### Task details
For this exercise, restate every line below word for word and drop the images.

### Provided data
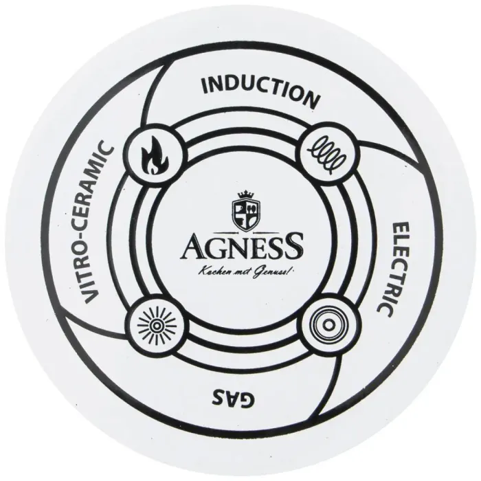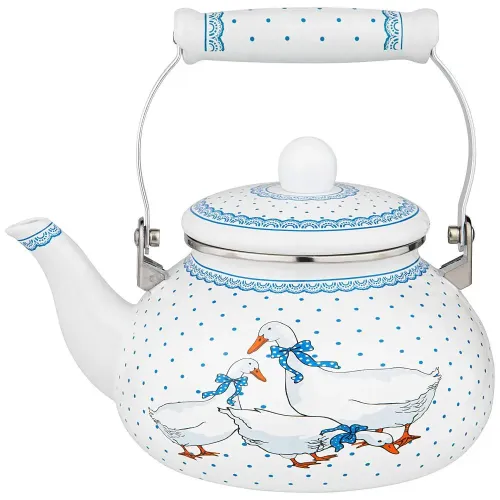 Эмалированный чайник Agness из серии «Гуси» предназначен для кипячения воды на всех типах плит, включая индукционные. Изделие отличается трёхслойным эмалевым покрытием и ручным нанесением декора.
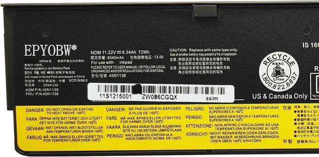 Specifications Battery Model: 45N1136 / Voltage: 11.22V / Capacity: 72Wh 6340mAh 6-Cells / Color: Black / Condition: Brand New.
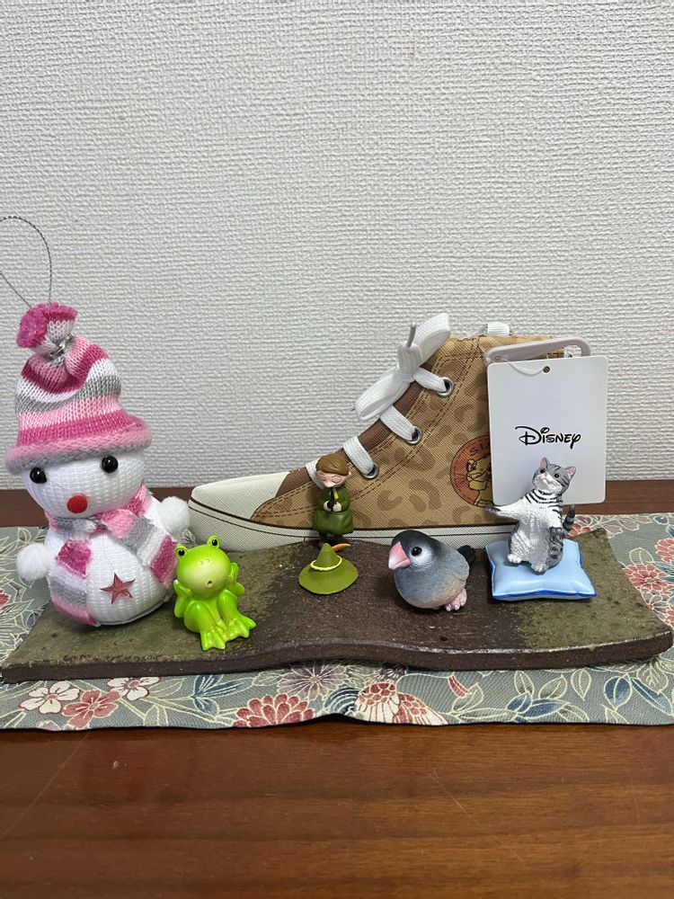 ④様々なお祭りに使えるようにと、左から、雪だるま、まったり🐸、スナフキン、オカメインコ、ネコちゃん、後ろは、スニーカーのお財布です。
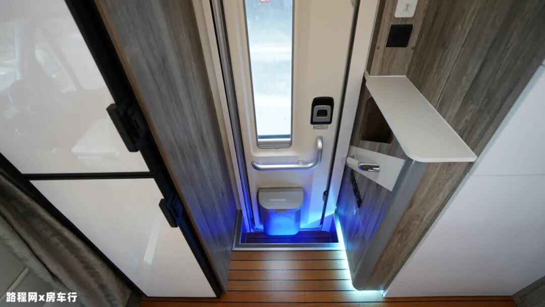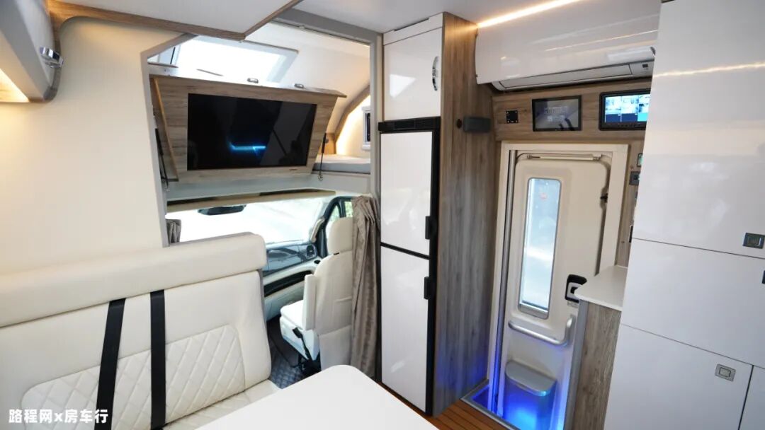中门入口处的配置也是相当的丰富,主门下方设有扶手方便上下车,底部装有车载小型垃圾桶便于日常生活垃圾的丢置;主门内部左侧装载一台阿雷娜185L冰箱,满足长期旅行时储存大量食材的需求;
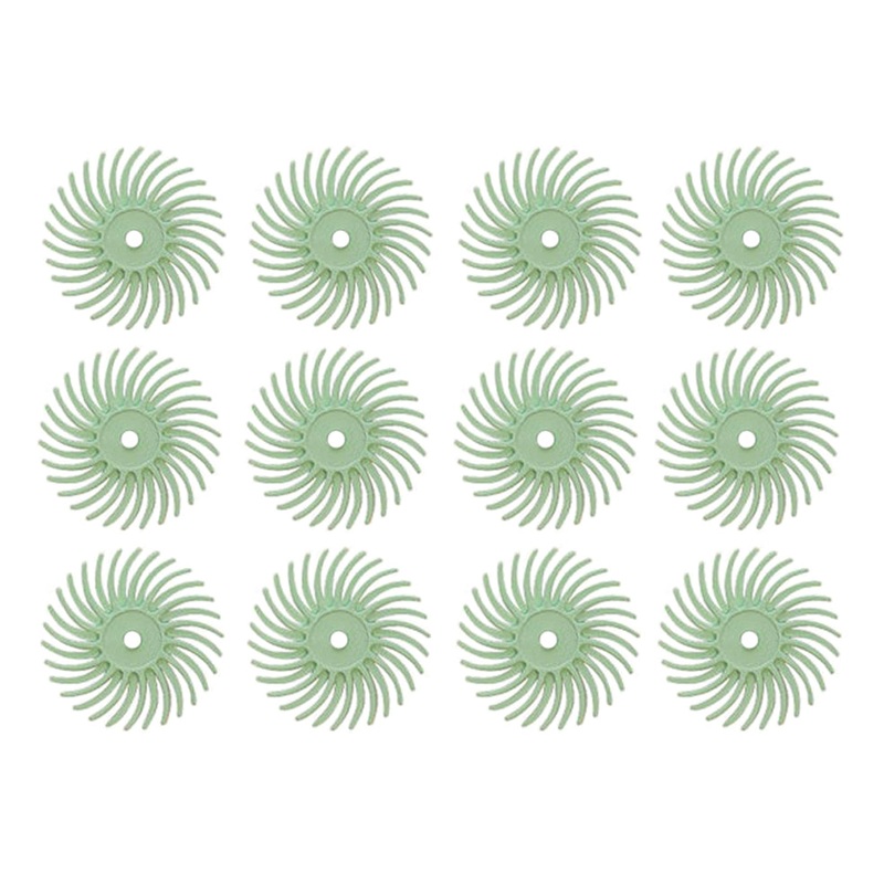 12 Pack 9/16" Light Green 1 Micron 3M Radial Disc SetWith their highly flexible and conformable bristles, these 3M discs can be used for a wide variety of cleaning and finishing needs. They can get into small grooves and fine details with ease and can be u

### Output of the exercise
 Эмалированный чайник Agness из серии «Гуси» предназначен для кипячения воды на всех типах плит, включая индукционные. Изделие отличается трёхслойным эмалевым покрытием и ручным нанесением декора.
 Specifications Battery Model: 45N1136 / Voltage: 11.22V / Capacity: 72Wh 6340mAh 6-Cells / Color: Black / Condition: Brand New.
 ④様々なお祭りに使えるようにと、左から、雪だるま、まったり🐸、スナフキン、オカメインコ、ネコちゃん、後ろは、スニーカーのお財布です。
中门入口处的配置也是相当的丰富,主门下方设有扶手方便上下车,底部装有车载小型垃圾桶便于日常生活垃圾的丢置;主门内部左侧装载一台阿雷娜185L冰箱,满足长期旅行时储存大量食材的需求;
 12 Pack 9/16" Light Green 1 Micron 3M Radial Disc SetWith their highly flexible and conformable bristles, these 3M discs can be used for a wide variety of cleaning and finishing needs. They can get into small grooves and fine details with ease and can be u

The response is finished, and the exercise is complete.